The Trade Union Act 2016 (c. 15) is an Act of Parliament that amended the Trade Union and Labour Relations (Consolidation) Act 1992. It forms part of the UK's labour law. Passed during the second Cameron ministry, it was fiercely opposed by all UK trade unions. Alan Bogg, professor of labour law at the University of Oxford, described the act as authoritarian.

Contents

Section 2 of the Act introduced a new requirement of 50% of union members to vote in a ballot for strike action. It amended TULRCA 1992 section 226(2).

Section 3 requires that workers in important services (health, school education, fire, transport, nuclear decommissioning and border security) must gain at least 40% support of those entitled to vote in a workplace for a strike to be legal. 

It amended TULRCA by adding new subsections 226(2A)–(2F). This 40% is a floor on the size of a pro-industrial-action majority relative to the size of the union: a normal union can strike with (for example) 50% turnout and 26% support for a strike, 

Certain unions for public-sector workers would require either higher turnout (e.g. 75% turnout, with 40% of the members voting in support, 35% voting in opposition and 25% not voting) or striking to win a landslide victory (e.g. 50% turnout, 40% voting Yes, 10% voting No and 50% not voting).

Section 4 requires a review of electronic balloting.
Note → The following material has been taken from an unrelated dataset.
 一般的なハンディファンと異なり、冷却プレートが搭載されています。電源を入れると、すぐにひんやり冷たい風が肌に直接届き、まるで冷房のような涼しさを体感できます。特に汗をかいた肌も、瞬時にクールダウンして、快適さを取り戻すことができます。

This was demanded by the House of Lords, during its passage through Parliament, since the existing law mandated the process of postal voting.

Sections 5 to 7 requires more information about numbers of people voting and about results to be given to union members and to the Certification Officer.
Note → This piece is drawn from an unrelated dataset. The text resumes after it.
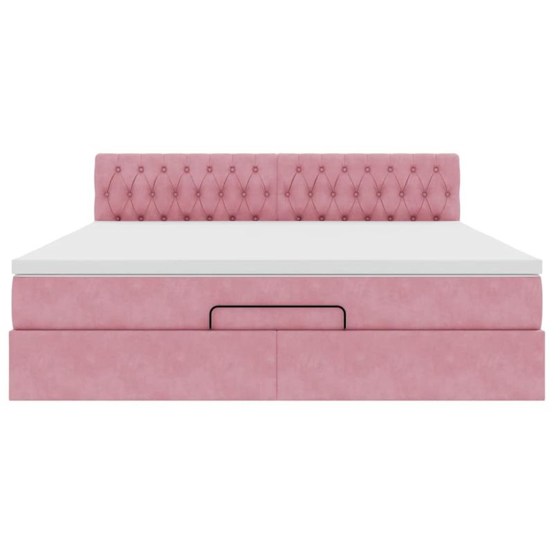 Османска легло с матрак и LED, розово, 160x200 см, кадифе

Section 8 requires two weeks' notice of industrial action is given to an employer (the employer can agree to one week), amending section 234A.

Section 9 limits the right to take industrial action after a strike ballot to six months, or nine months if the employer agrees.
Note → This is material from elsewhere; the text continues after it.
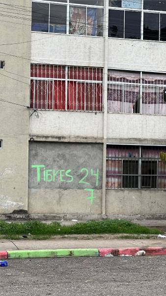 Esta organización declarada por el Gobierno en 2024 como terrorista, tiene su dominio en esa zona de Guayaquil. En otra parte de Socio Vivienda, como en los bloques de la etapa 3, en cambio está pintado la palabra tigres. Otro término con el cual se identifica a esa agrupación. También hay grafitis de manos con señas y la frase 'la W'.

Section 10 requires a "union supervisor" on each picket with an "approval letter" from the union, and must wear something that "readily identifies" them as the supervisor.

Sections 11 and 12 replace TULRCA 1992 sections 84 and 84A, requiring union members to opt in to a political fund, and be given details about how the money will be used.

Sections 13 to 15 concern trade union facility time and restrict deductions of union fees from wages in the public sector.

Sections 16 to 21 change rules surrounding the Certification Officer for independent trade unions.

Significance

The requirement in Section 2 for a 50% turnout means, in certain circumstances, those members who are not in favour of industrial action are better off not voting than voting "No".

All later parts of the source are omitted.